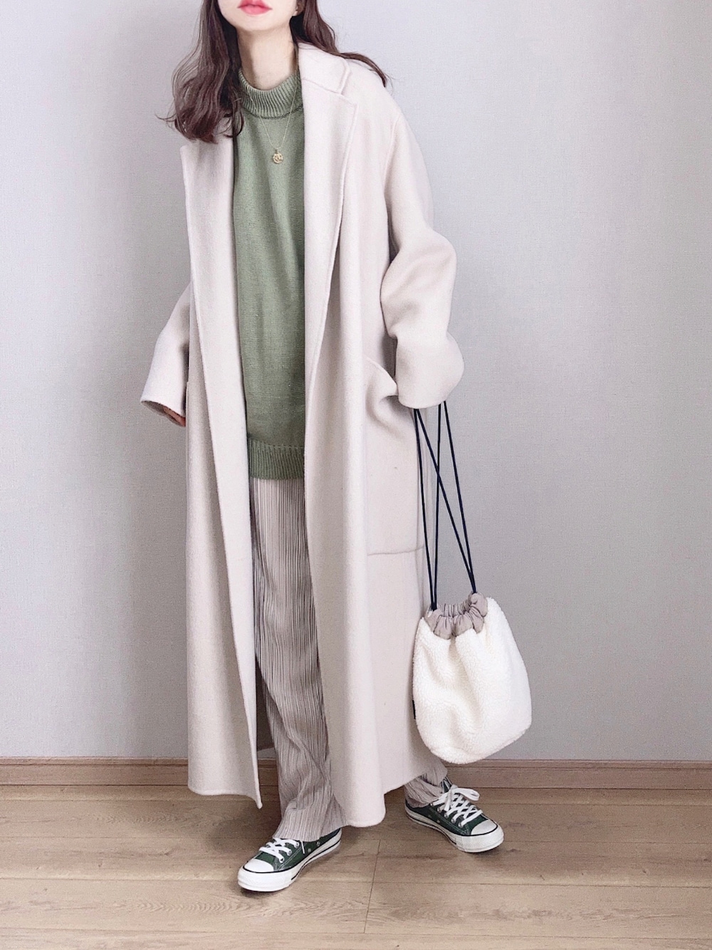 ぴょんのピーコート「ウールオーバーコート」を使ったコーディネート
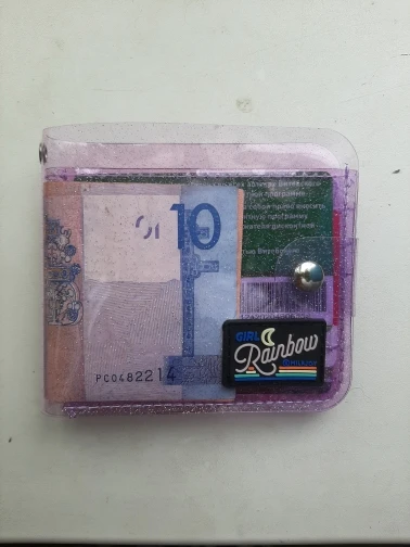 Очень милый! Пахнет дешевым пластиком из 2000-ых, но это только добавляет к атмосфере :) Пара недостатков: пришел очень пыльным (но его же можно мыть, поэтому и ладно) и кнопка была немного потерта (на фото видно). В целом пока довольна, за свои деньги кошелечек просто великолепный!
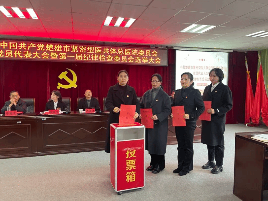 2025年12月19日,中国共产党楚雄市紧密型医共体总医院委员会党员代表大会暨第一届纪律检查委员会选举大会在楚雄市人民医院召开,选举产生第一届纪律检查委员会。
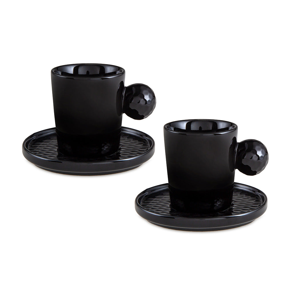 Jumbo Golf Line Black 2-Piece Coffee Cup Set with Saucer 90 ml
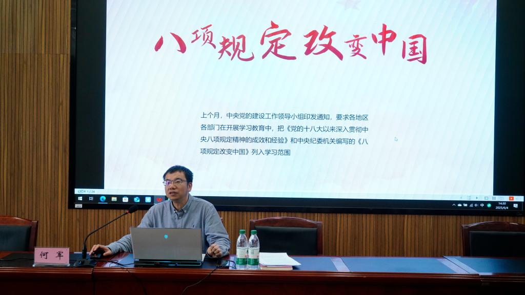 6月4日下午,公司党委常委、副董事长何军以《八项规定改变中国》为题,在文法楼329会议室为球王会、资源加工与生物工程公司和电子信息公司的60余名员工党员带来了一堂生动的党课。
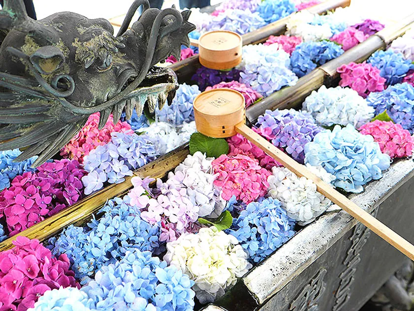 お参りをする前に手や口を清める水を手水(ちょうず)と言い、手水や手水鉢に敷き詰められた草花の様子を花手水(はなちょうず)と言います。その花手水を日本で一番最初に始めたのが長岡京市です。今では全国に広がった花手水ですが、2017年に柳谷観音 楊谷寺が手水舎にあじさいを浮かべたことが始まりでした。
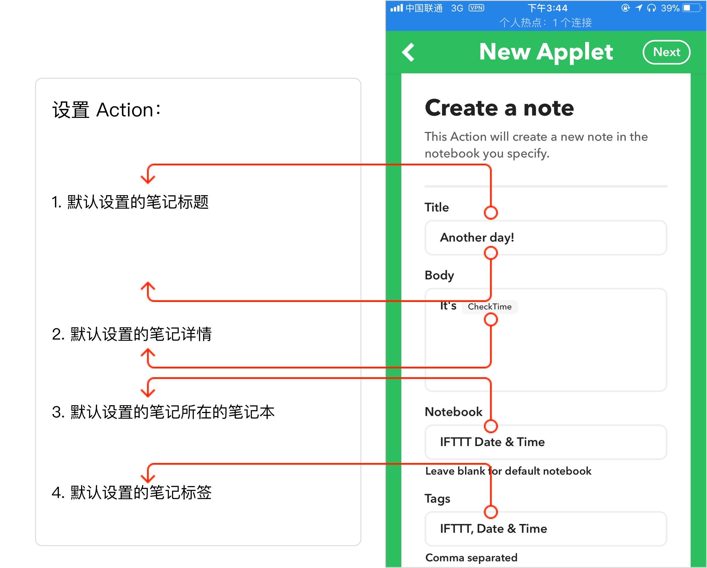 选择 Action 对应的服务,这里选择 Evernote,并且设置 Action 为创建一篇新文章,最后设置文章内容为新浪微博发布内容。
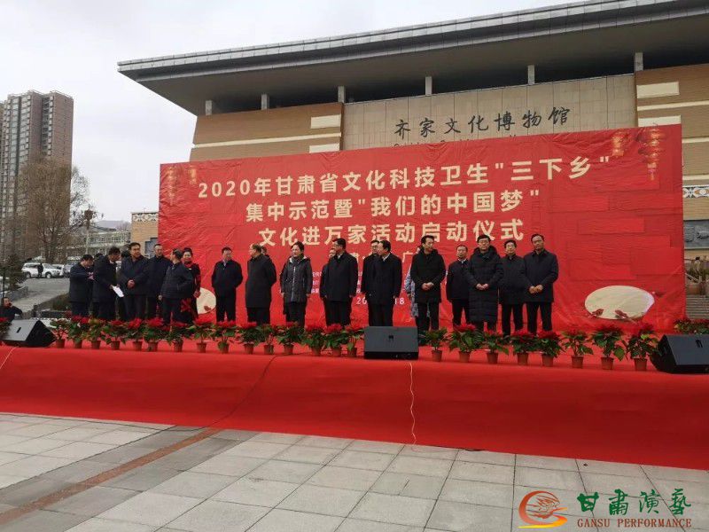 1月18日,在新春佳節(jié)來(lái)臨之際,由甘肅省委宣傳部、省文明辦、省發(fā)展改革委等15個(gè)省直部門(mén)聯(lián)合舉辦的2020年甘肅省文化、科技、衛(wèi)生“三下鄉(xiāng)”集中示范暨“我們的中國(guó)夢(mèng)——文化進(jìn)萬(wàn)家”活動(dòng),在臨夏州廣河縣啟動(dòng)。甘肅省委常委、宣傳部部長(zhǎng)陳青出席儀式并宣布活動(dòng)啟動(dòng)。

——————

WHAT IS REQUIRED: Omit every picture, then repeat the remaining data exactly as it appears above.

TASK RESPONSE:
 ぴょんのピーコート「ウールオーバーコート」を使ったコーディネート
 Очень милый! Пахнет дешевым пластиком из 2000-ых, но это только добавляет к атмосфере :) Пара недостатков: пришел очень пыльным (но его же можно мыть, поэтому и ладно) и кнопка была немного потерта (на фото видно). В целом пока довольна, за свои деньги кошелечек просто великолепный!
 2025年12月19日,中国共产党楚雄市紧密型医共体总医院委员会党员代表大会暨第一届纪律检查委员会选举大会在楚雄市人民医院召开,选举产生第一届纪律检查委员会。
 Jumbo Golf Line Black 2-Piece Coffee Cup Set with Saucer 90 ml
 6月4日下午,公司党委常委、副董事长何军以《八项规定改变中国》为题,在文法楼329会议室为球王会、资源加工与生物工程公司和电子信息公司的60余名员工党员带来了一堂生动的党课。
 お参りをする前に手や口を清める水を手水(ちょうず)と言い、手水や手水鉢に敷き詰められた草花の様子を花手水(はなちょうず)と言います。その花手水を日本で一番最初に始めたのが長岡京市です。今では全国に広がった花手水ですが、2017年に柳谷観音 楊谷寺が手水舎にあじさいを浮かべたことが始まりでした。
 选择 Action 对应的服务,这里选择 Evernote,并且设置 Action 为创建一篇新文章,最后设置文章内容为新浪微博发布内容。
 1月18日,在新春佳節(jié)來(lái)臨之際,由甘肅省委宣傳部、省文明辦、省發(fā)展改革委等15個(gè)省直部門(mén)聯(lián)合舉辦的2020年甘肅省文化、科技、衛(wèi)生“三下鄉(xiāng)”集中示范暨“我們的中國(guó)夢(mèng)——文化進(jìn)萬(wàn)家”活動(dòng),在臨夏州廣河縣啟動(dòng)。甘肅省委常委、宣傳部部長(zhǎng)陳青出席儀式并宣布活動(dòng)啟動(dòng)。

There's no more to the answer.